Use this to generate stable error-handling code in your client without hand-typing constants.

Cross-link from JSON to docs

Each entry below has a stable HTML-anchor matching its code. The machine-readable JSON at /errors can be cross-linked into this page via /docs/errors#<code>. Example: a failed call returning {"code":"image_base64_invalid"} jumps to /docs/errors#image_base64_invalid. Anchors do not change once published.

Authentication errors (401)

CodeCauseFix
missing_authorizationNo Authorization headerAdd Authorization: Bearer <token>
invalid_authorizationToken mismatchVerify RUST_API_BEARER matches server

missing_authorization

Add Authorization: Bearer <RUST_API_BEARER> to the request.

invalid_authorization

The Bearer token did not match any token in the multi-tenant catalog. The comparison is constant-time. The same code is also returned when an X-Tenant-Id header is presented that the matched token is not bound to.

Rate-limit / Quota (429)

CodeCauseFix
rate_limit_exceededPer-token bucket emptyBack off and retry; tune RATE_LIMIT_* server-side
model_quota_exhaustedModel temporarily out of quota / credits / daily budgetPick a different model alias or wait for the budget window to reset
openrouter_daily_quota_exhaustedOpenRouter-specific daily limit hit on a tenant aliasUse a fallback alias (Claude/Gemini); response carries Retry-After until next 00:00 UTC

rate_limit_exceeded

Per-token rate limits (default 1 request/sec, 30 burst). Bucket is keyed on SHA-256 of the bearer, not IP.

model_quota_exhausted

Cut 2.23d (2026-05-04). The chosen model is temporarily unavailable for this tenant because some upstream budget — token quota, daily credit limit, or rate window — has been used up. The body is intentionally provider-agnostic per ADR 0006 v2: no upstream-name, no token counts, no billing URLs. Identical caller-facing shape to other rate-limit responses.

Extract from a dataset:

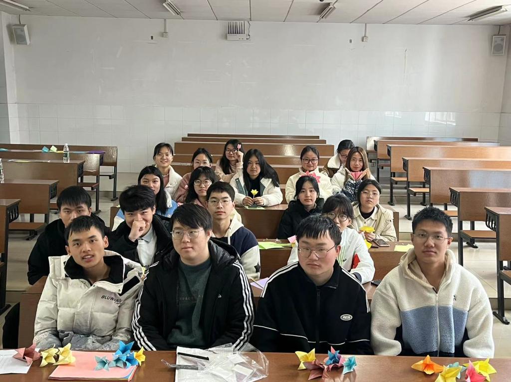 志愿活动开始前,志愿者在王思雨处有序签到。志愿者被分为三个小组:樱花组、郁金香组和百合花组。折花活动开始时,各小组领取自己的折纸、剪刀和胶带,观看折纸视频并开始折纸。送花活动开始时,志愿者跟随各地区负责人前往各地点送花并在送花时拍照留影。志愿活动结束后志愿者收拾活动场所并拍照留念。

Fix options for the caller:

Operator action: raise the per-tenant budget in tokens.yaml if affordable, or top up with the upstream provider directly.

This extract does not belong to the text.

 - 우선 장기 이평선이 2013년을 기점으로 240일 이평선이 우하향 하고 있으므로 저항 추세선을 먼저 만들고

openrouter_daily_quota_exhausted

Cut 2.32 (2026-05-16, CR-0005). Tenant-Alias (z.B. godelmann-gocreate-premium-gpt-text-premium) hat sein OpenRouter-Tageslimit erschöpft. Anders als beim generischen model_quota_exhausted (Cut 2.23d) ist hier der Provider explizit identifiziert weil der Alias direkt openrouter-gepinnt ist (kein cross-vendor-Fallback im Stack-Pfad).

Response-Shape:

HTTP/2 429
Retry-After: 32400
content-type: application/json
{
  "error": {
    "type": "rate_limit_error",
    "code": "openrouter_daily_quota_exhausted",
    "message": "GPT-Tageslimit über OpenRouter erschöpft. Reset um 00:00 UTC. Verfügbare Fallback-Modelle: …"
  },
  "dgx_code": "openrouter_daily_quota_exhausted",
  "available_fallbacks": ["godelmann-gocreate-premium-claude-text-premium", "godelmann-gocreate-premium-gemini-text-premium"]
}

Caller-Pattern: auf dgx_code: "openrouter_daily_quota_exhausted" mappen, dem User "GPT-Tageslimit erreicht, probiere Claude oder Gemini" zeigen, Retry-After für ein Auto-Retry nach Mitternacht UTC nutzen.

Tool-Loop Status-Codes (HTTP 200)

Diese Codes erscheinen im body als dgx_code-Feld (NICHT als HTTP-error), wenn der Server-side Tool-Loop einen besonderen Synthesis-Pfad nehmen musste. HTTP-Status ist 200 — der Caller bekommt eine vollständige narrative Antwort, das dgx_code ist nur ein Diagnose-Marker.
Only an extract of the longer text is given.